Cool Regex performance hacks I bumped into

by Alex Yumashev · Mar 5 2018

The first part of this post applies only if you run ASP.NET on Windows, you can simply skip to the regex hack if not interested, but I strongly recommend you read the whole post.

Debugging ASP.NET CPU spikes

About three weeks ago we started seeing unusual CPU load spikes on our customer service app production server (the cloud-hosted version). We do have a super useful tool (originally written by mister Sam Saffron who kindly allowed me to modify it a little bit and whom I'd like to thank here: sir, this little gem of yours continues to be a life saver in my little company) showing the exact call stacks that use up all the CPU ticks

But the problem is you have to "attach" this tool to the process at the exact moment the CPU load spikes up. And "catching" that moment can be... uhm... hard.

Even though we've set up AWS to text us when CPU load gets higher than 75% and stays there for 5 consecutive minutes (a must have for anyone who runs a business-critical SaaS app by the way) the time it takes to run to my laptop, remote-login to the sever, get to the command-line, attach to the overloaded process etc etc... CPU load gets back to normal. Darn.

Luckily my cofounder has written a short Windows .BAT script that does this automatically - if the CPU load gets higher than 75% the script finds the web-application process ID, launches the tool, attaches it to the PID and dumps the call-stack data to a text file (if you're going to use the script, change the "OurApplicationPool" to the actual user account that runs your app pool).

@Echo OFF

SET /A "MAXUSAGE=75"

For /F %%P in ('wmic cpu get loadpercentage ^| FINDSTR "[0-9]"') do (
echo %%P
    IF %%P GTR %MAXUSAGE% (
        for /f "tokens=1,2 delims= " %%A in ('tasklist /FI "USERNAME eq OurApplicationPool" /fo table /nh') do cpu-analyzer.exe %%B >> log_%date:~-4,4%%date:~-7,2%%date:~-10,2%.txt
    )
)

Then we have simply set up a job in Windows Task Scheduler that runs every 5 minutes (I know, but we needed a quick and dirty solution).

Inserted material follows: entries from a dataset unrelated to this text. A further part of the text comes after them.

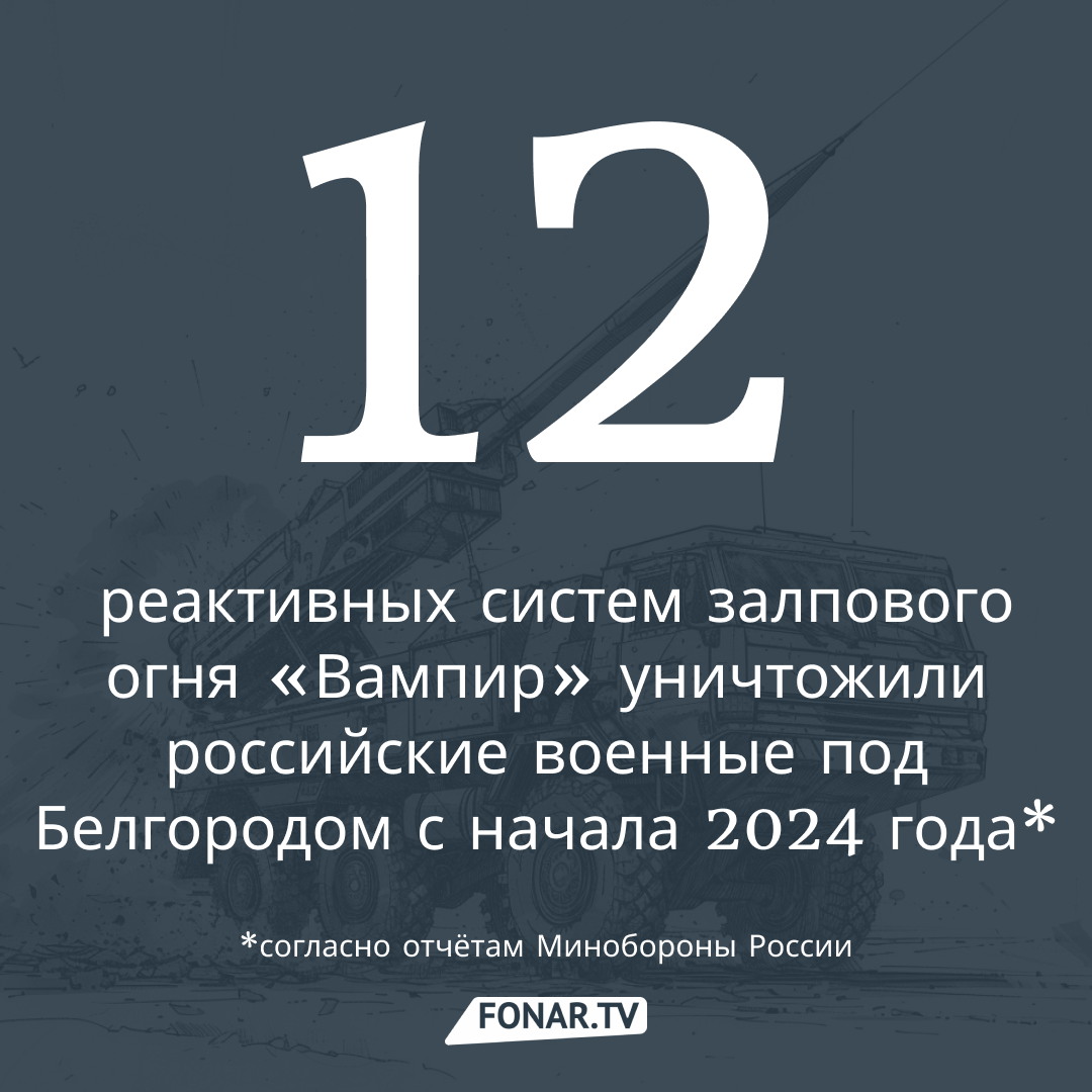 Журналисты ИА «Бел.Ру» с помощью сводок Минобороны РФ подсчитали, сколько установок «Вампир» уничтожили российские военные с начала года Белгородском направлении. Согласно данным, первые сведения о поражении «Вампиров» на белгородском направлении появились ещё в марте. За тот месяц российские военные вывели из строя шесть РСЗО , в апреле сведений об уничтожении не поступало, а в мае, после начала действий Армии России на харьковском направлении, выявленными и уничтоженными оказались ещё шесть установок . Итого с начала года российские военные уничтожили 12 установок РСЗО .
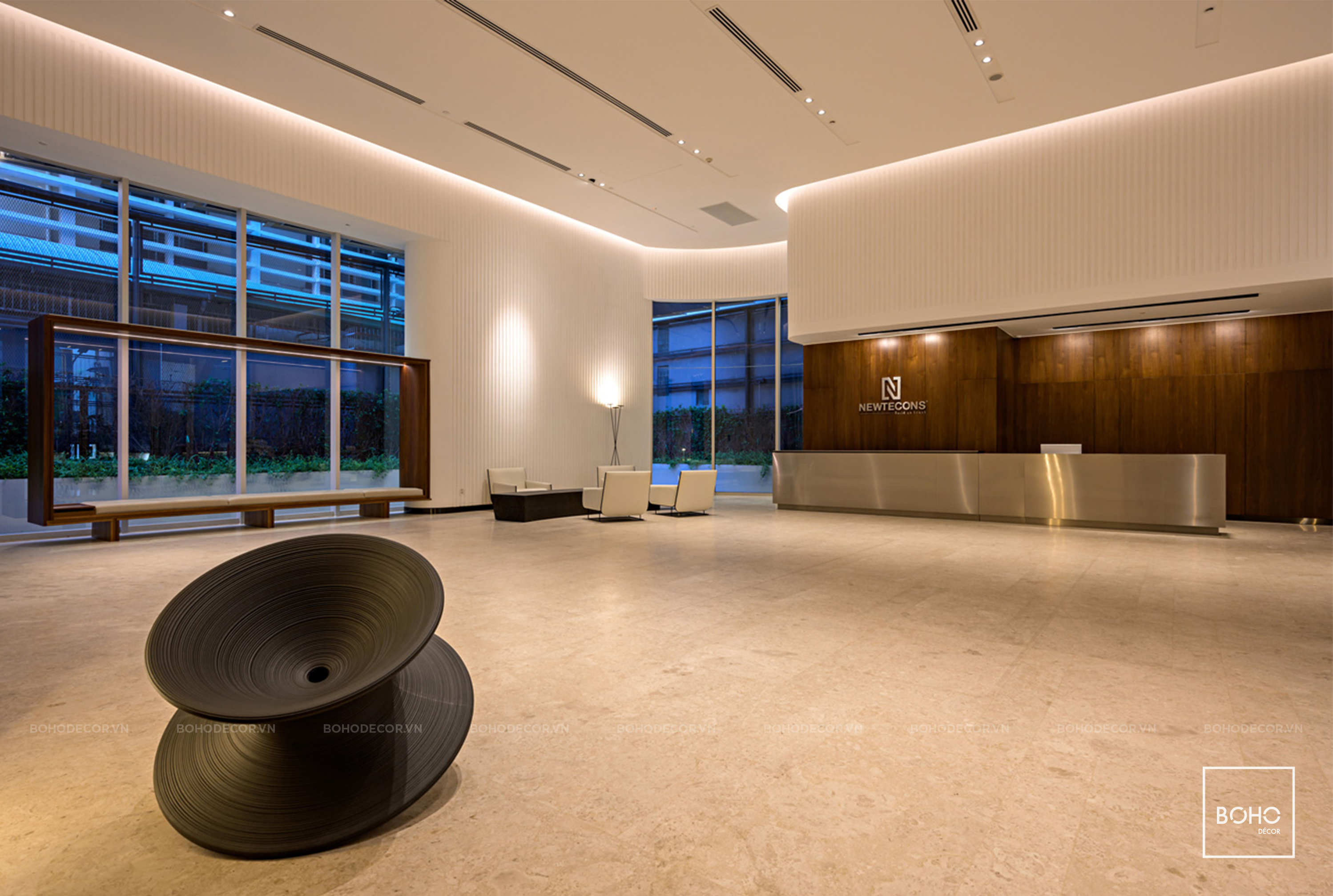 Through the void design, the reception lounge of the Newtecons building immediately gains an overwhelming impression of natural and artificial light. In addition, BOHO also focuses on developing details and using high-class materials such as veneer and Oman stone Limestone line.
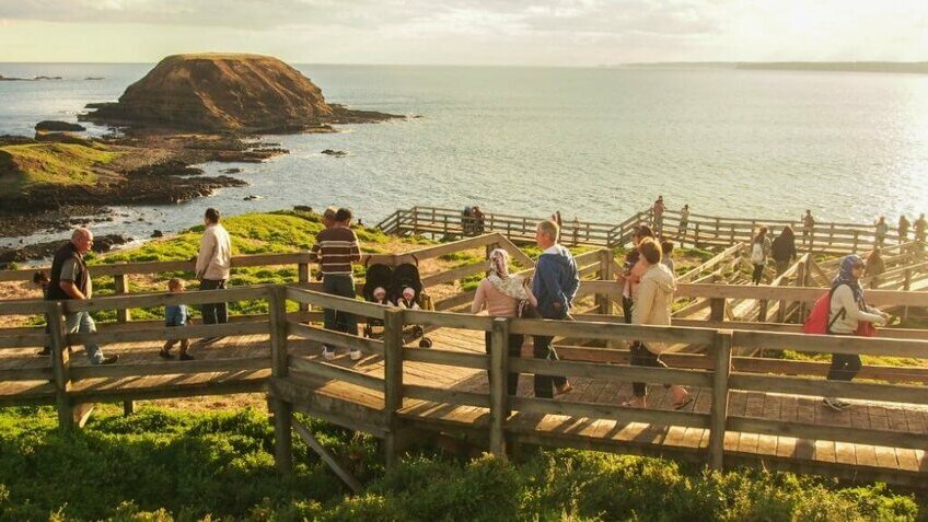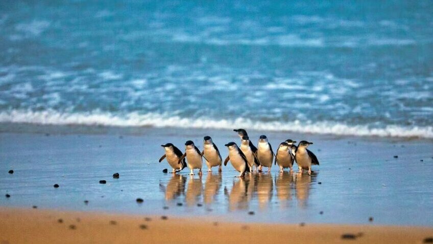 Khi hoàng hôn buông xuống, du khách sẽ có mặt tại Penguin Parade, nơi diễn ra màn diễu hành của hàng trăm chú chim cánh cụt tí hon trở về tổ sau một ngày kiếm ăn trên biển. Từ khu vực quan sát an toàn, du khách sẽ được chứng kiến khoảnh khắc dễ thương khi từng đàn chim lạch bạch bước lên bờ dưới ánh hoàng hôn dịu nhẹ.
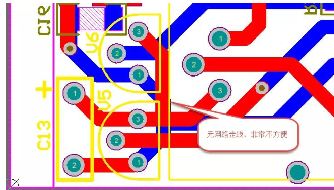 答:如图1所示,很多Protel老工程师一般习惯直接在PCB中绘制无网络的导线条进行pcb设计,往往是只有设计工程师自己比较清楚连接关系,而对后期维护的工程师会造成相当大的困扰。那么如何给无网络的PCB添加网络编号呢?
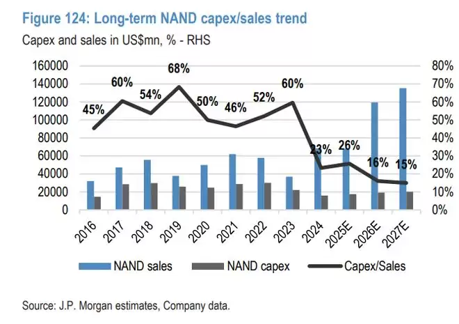 数据显示,未来三年NAND行业的资本开支(Capex)占销售额的比例将降至15%-16%的水平。作为对比,过去十年这一比例常年维持在30%-50%,2018年甚至达到过68%的峰值。
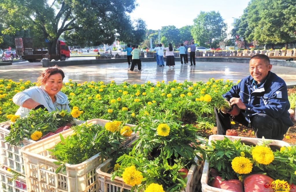 9月9日,山西云中園林工程有限公司人員在忻州城區(qū)日月廣場更換萬壽菊,讓“日月同輝”主題花壇為城區(qū)添彩,喜迎國慶。 (
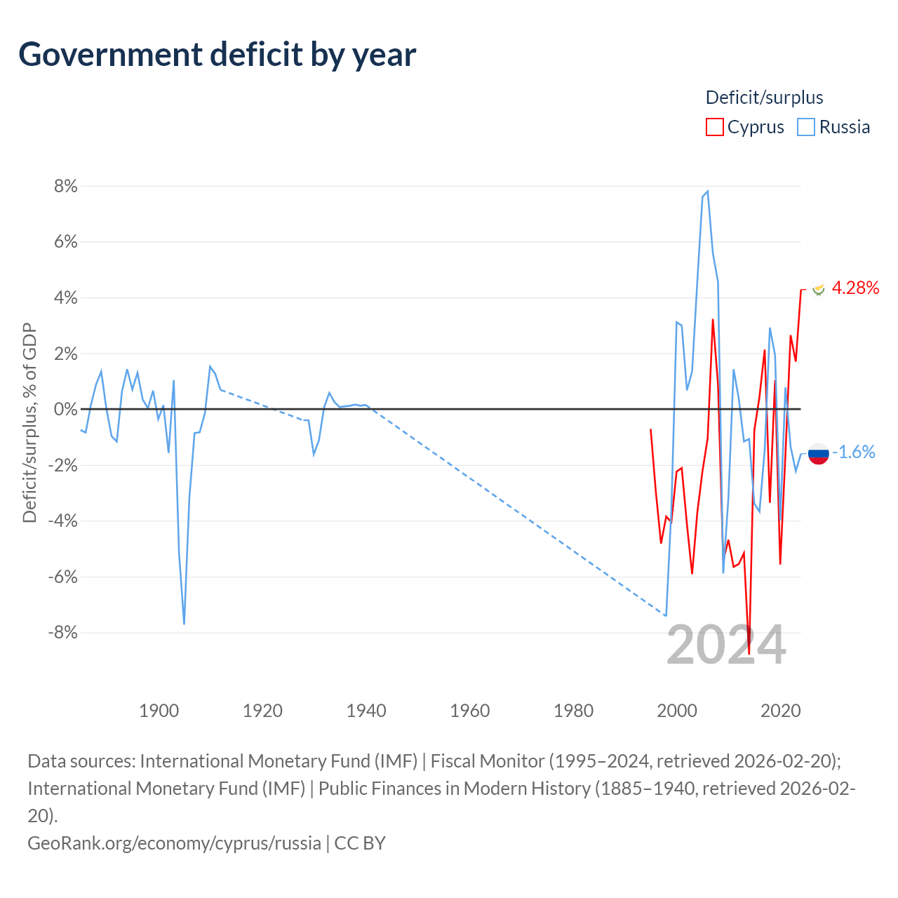 Cyprus has $24.5B in government debt (65.1% of GDP), compared to $440B (20.3% of GDP) in Russia.
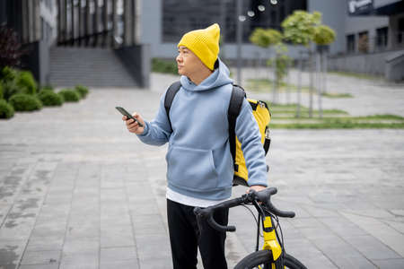Courier with bicycle searching clients place with GPS on smartphone in city. Concept of shipping and logistics during Coronavirus pandemic. Idea of profession and job. Asian man wearing warm clothes
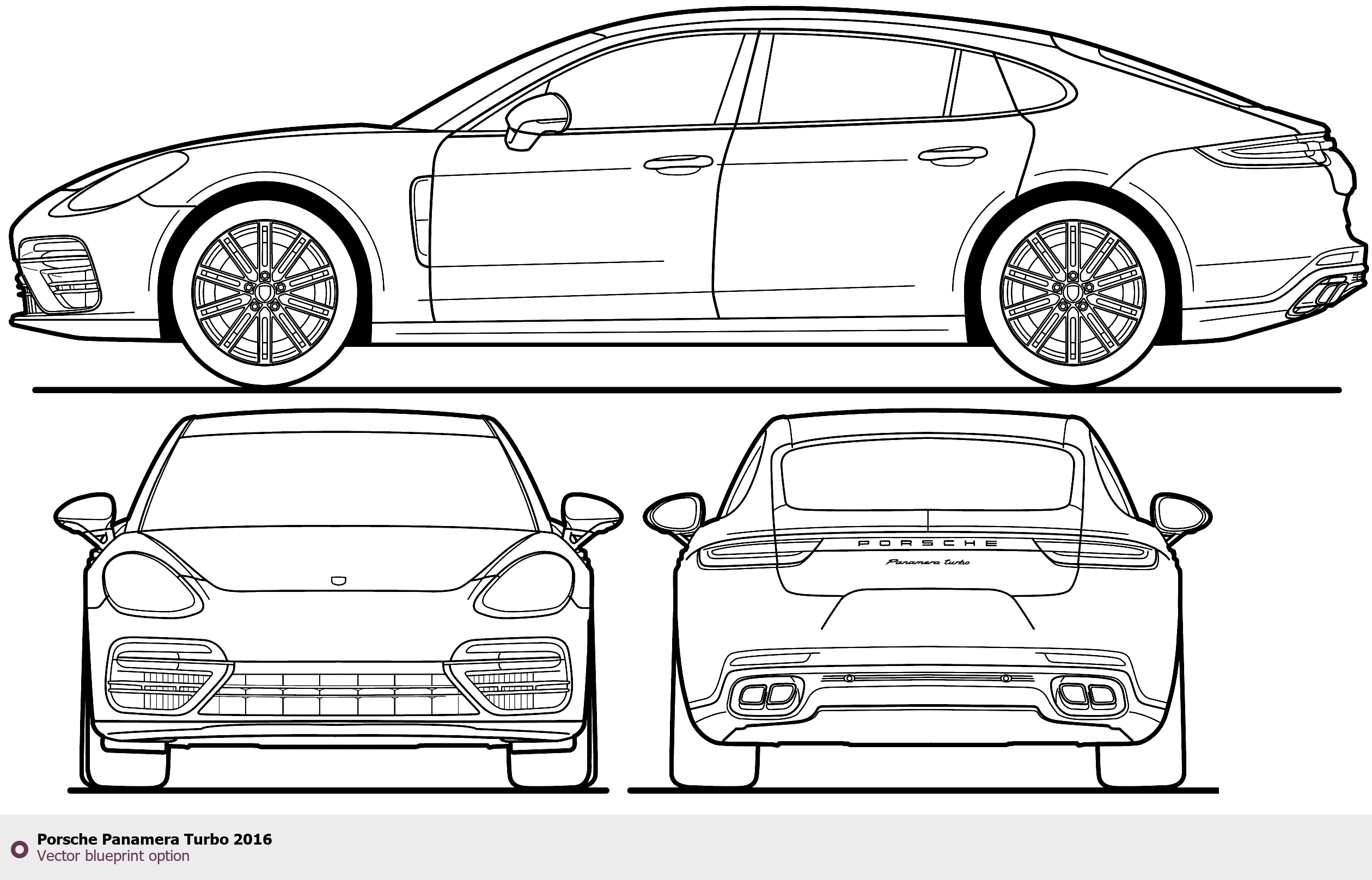 Raster blueprint of the 2016 Porsche Panamera Turbo Sedan. This free downloadable image can be used for graphic projects, digital design, and 3D modeling. The file provides accurate exterior proportions of the vehicle. Model year: 2016. Body type: Sedan.
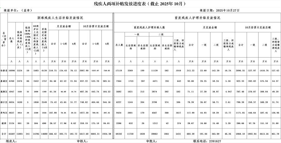 2025年10月残疾人两项补贴发放进度表
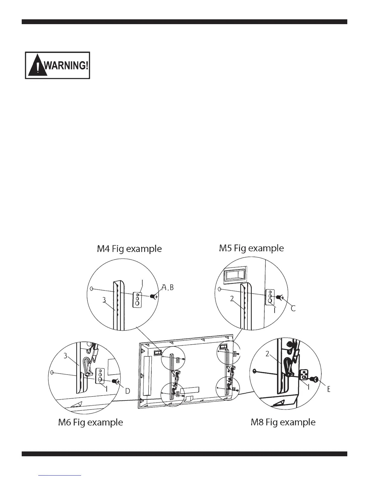 Check your TV manual to conrm the required bolt diameter according to the size, depth, and position
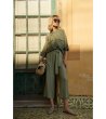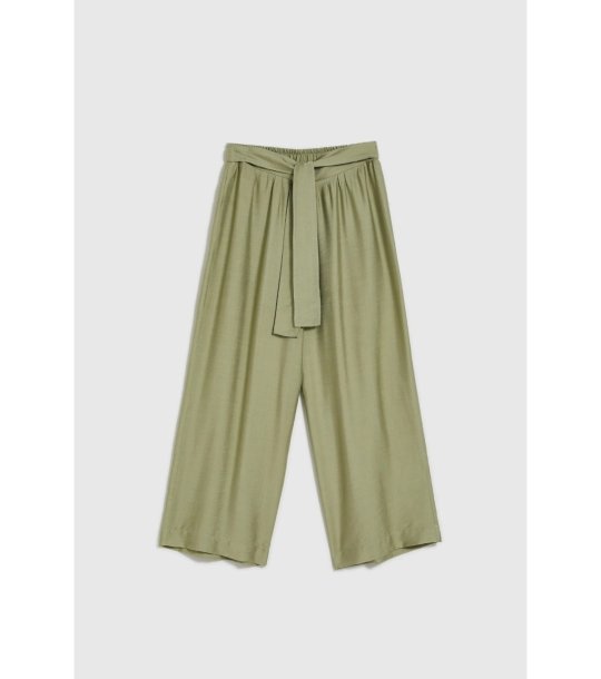 Pantaloni largi de damă, cu lungime până la gleznă. Modelul are o bandă elastică în talie și o curea decorativă pentru legare. Pantalonii au o croială dreaptă, oferind confort și libertate de mișcare.

In our case - it was Regex

After some digging through the logs and call stacks it turned out most of the CPU ticks were spent on Regex.Search. Our helpdesk app uses A LOT of regular expressions both on the back and front ends. For example, when converting markdown and "BbCode" (used for internal storage) to "normal" HTML (used for UI and emails).

Long story short, after hours of blindly trying different regex patterns, testing and benchmarking here's what I found:

If you want to match a rule that goes "something is not preceded with an 'A'" don't ever use code like this: (^|[^a])something (the first group basically says "it's either the beginning of the text OR not the letter A") that most people find more readable compared to a "regex lookbehind", including myself. But it turns out regex "lookbehinds" and "lookaheads" are almost 3-4 times faster than patterns involving "beginning/end of string" especially when working with large stings. In our case replacing (^|[^a]) with an (?<!a) (which literally means "not preceded with") has made our code 3 times faster. I wrote a quick benchmark test that does 10000 search-replace iterations in both .NET and JavaScript regex engines (we use both) and the results were:

`(^\|[^a])something`	1346ms (avg)
`(?<!a)something`	389ms (avg)

Whoa, that's more than 3 times faster! Obviously, the longer the input text you have, the bigger the impact.

Cool. But can we improve it even further? Is there a way to make the "not preceded with an A" rule even faster?

Turns out there is! Unfortunately there are not many regex performance analysis on the net, so (again) I was on my own here... But fortunately I somehow remembered reading a cool HackerNews post couple of years ago that suggests a great way to optimize rules like "not preceded with" or "not surrounded with" or "not ends with" and similar. Basically the trick goes like this:

asomething|(something)

Nice, huh? If you want to match "something not preceded with an A" simply match what you DON"T WANT and then ignore overall matches, looking only at the "Group 1"! The benchmarks:

`(?<!a)something`	389ms (avg)
`asomething\|(something)`	16ms (avg)

Holy sh*t! That's almost a hundred times faster than my original code!